RECORDS SUPPLIED START

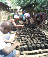 Beim neuen Projekt des Kindernetzwerk Sierra Leone e.V. geht es darum, abgeholzte Flächen in Sierra Leone wieder aufzuforsten und gegen die Erosion zu schützen, indem Obst- und Nussbäume, Cash Crops wie Kaffee, Kakao und Ölpalmen sowie verschiedene Waldbäume angepflanzt werden, die demnächst in neu errichteten Baumschulen gezüchtet werden. Dabei spielen auch die eben gegründeten Umwelt-Clubs an den benachbarten Schulen eine wichtige Rolle. Schülerinnen und Schüler sollen gemeinsam an ihren Schulen, in ihren Hausgärten und auf abgeholzten Flächen in der näheren Umgebung Baumsetzlinge pflanzen und auch pflegen. Für diese Einsätze brauchen sie einfache Werkzeuge und auch Essen und Getränke. Eure/Ihre Spende hilft den Umwelt-Clubs, das nötige Geld dafür aufzubringen!
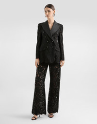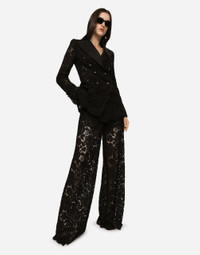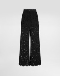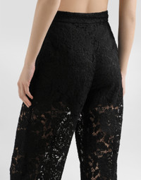 Flared branded stretch lace pants: • Dolce high waist • Front slant pockets • Stretch silk crepe de chine high-waisted panties • Inner leg: 88 cm • Hem: 30 cm • Zipper and canneté-covered button with DG logo • The model is 175 cm tall and wears a size IT 40 • Made in Italy Care And Details External composition: 51% Viscose 24% Cotton 20% Polyamide 5% Spandex Internal composition: 91% Silk 9% Spandex
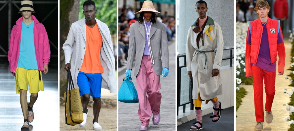 20春夏男裝雖然以淺色為大宗巴黎,但仍保有鮮明對比、饒富趣味的色彩運用,色塊式的搭配組合非常適合創造愉快的視覺效果。Fumito Ganryu運用三原色的亮彩單品,以桃紅、淺藍、亮黃作搭配組合。Homme Plisse Issey Miyake以對比的亮橘、寶藍搭配中性的淺灰,純淨中帶有活力。Louis Vuitton則是選用紫丁香搭配桃紅及中性灰,協調的三色搭配,活潑卻不失莊重。Sies Marjan則是以大面積的中性色調重點搭配粉色上衣及亮黃長褲,為服裝注入活力青春感。Off White以鮮豔的紅色、紫色、水藍色,強烈的色塊搭配,呈現活力個性。
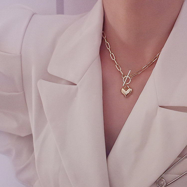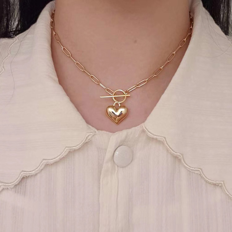 Close-up view of the toggle clasp and heart pendant on the gold necklace.
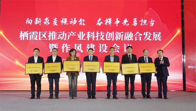棲霞區政協黨組書記、主席張常軍為入選“工信部卓越級智能工廠”和“省級智能工廠”企業授牌
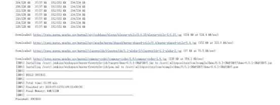 8)点击左下角的小圆圈可以看见控制台的日志输出,可以查看构建已经成功。生成的Jar包可以在/root/.jenkins/workspace/maven-freestyle-job/target中查看。如图所示。
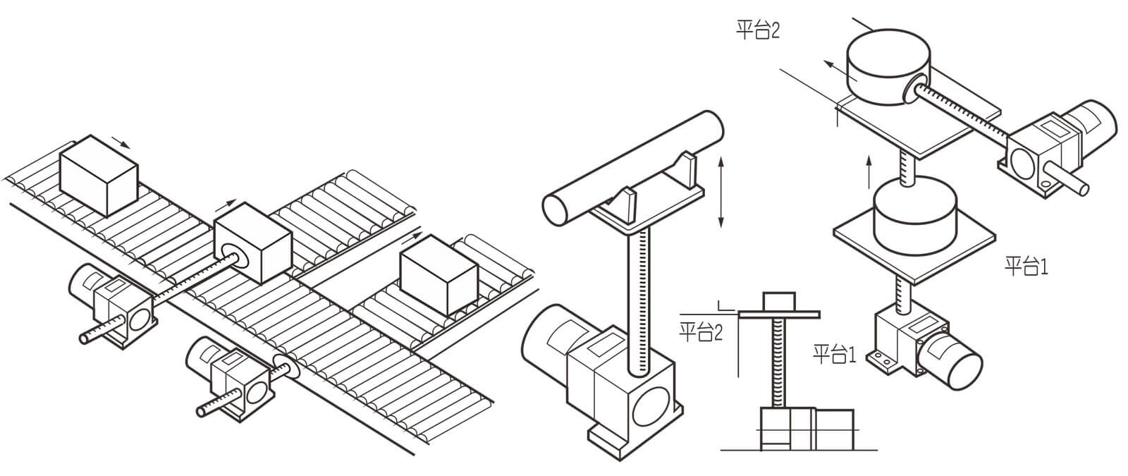 實現(xiàn)直動機(jī)構(gòu) 直線減速機(jī)配合合適的電機(jī),可輕松實現(xiàn)在水平方向或垂直方向的直線移動。
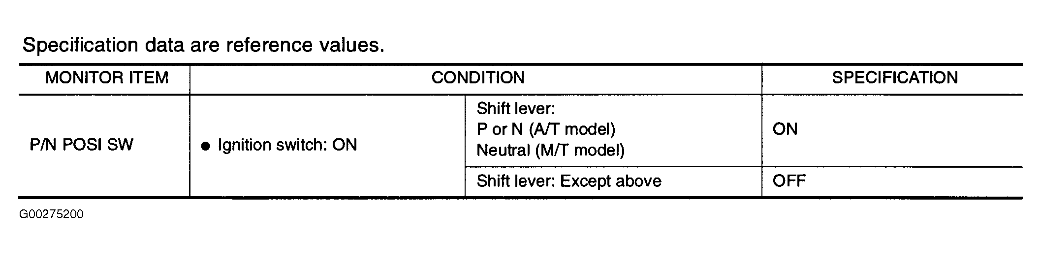 Home >> Mitsubishi >> 2003 >> Lancer Evolution >> Repair and Diagnosis >> External Pages >> Different car >> Section 82 (Engine Controls - Self-Diagnostics) >> Diagnostic Tests >> DTC P1706: Park/Neutral Position Switch >> CONSULT-II Reference Value In Data Monitor Mode
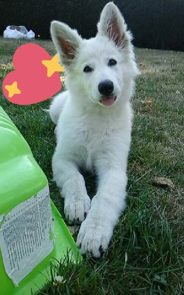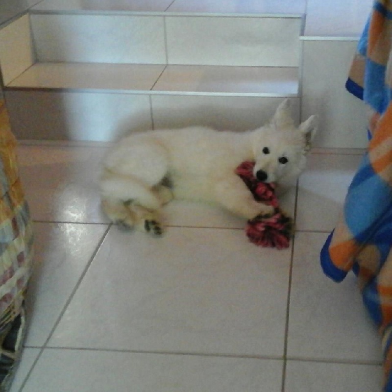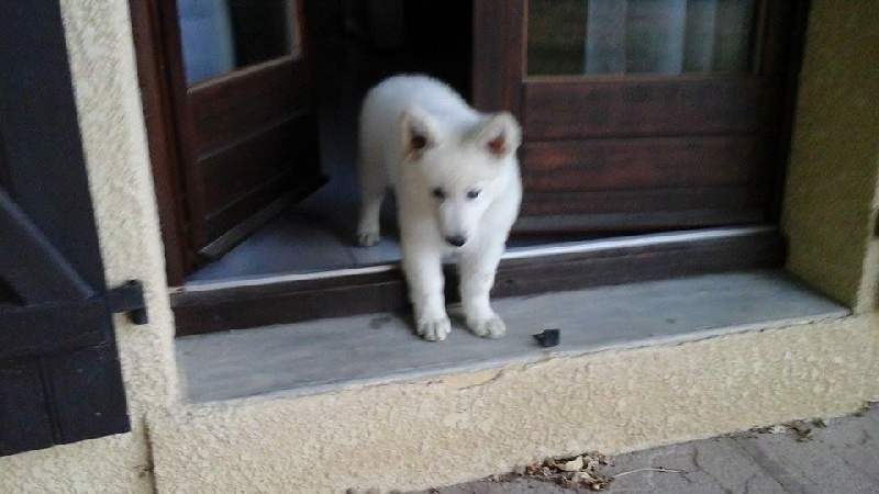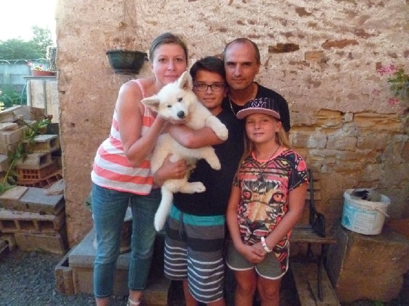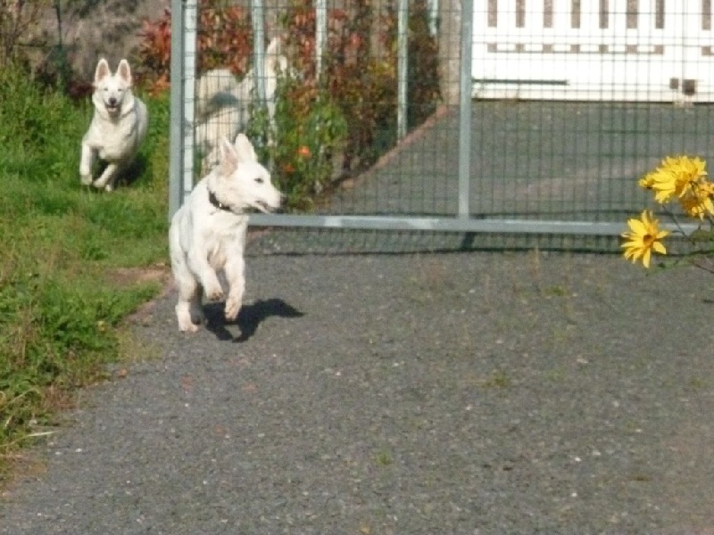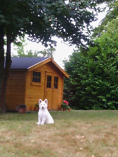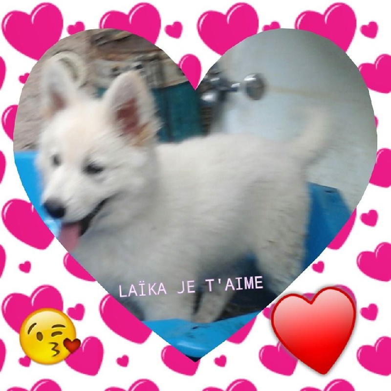 Laïka le 11/07/2015 au 50ème jour 6100 grammes ho ho sont tous très heureux, mais une est pressée de rentrer lol me voilà chez moi photo et montage de Charlène j'ai un nouveau joujou hé celui-là il cuine petite visite dans mon ancienne maison hé j'ai de la place moi, je pause devant le chalet de jardin hé vous voyez ils m'aiment, bien que je fasse quelques bétises lol de temps en temps je suis toute calme lol Laïka très active aussi et bonne joueuse elle court juste devant sa mère oui Laïka au repos

RECORDS SUPPLIED END

Going by the data above, give back only the lines from the one containing "實現(xiàn)直動機(jī" through the one containing "Home >> Mitsubishi", exactly as they stand, both ends included and no images.

 實現(xiàn)直動機(jī)構(gòu) 直線減速機(jī)配合合適的電機(jī),可輕松實現(xiàn)在水平方向或垂直方向的直線移動。
 Home >> Mitsubishi >> 2003 >> Lancer Evolution >> Repair and Diagnosis >> External Pages >> Different car >> Section 82 (Engine Controls - Self-Diagnostics) >> Diagnostic Tests >> DTC P1706: Park/Neutral Position Switch >> CONSULT-II Reference Value In Data Monitor Mode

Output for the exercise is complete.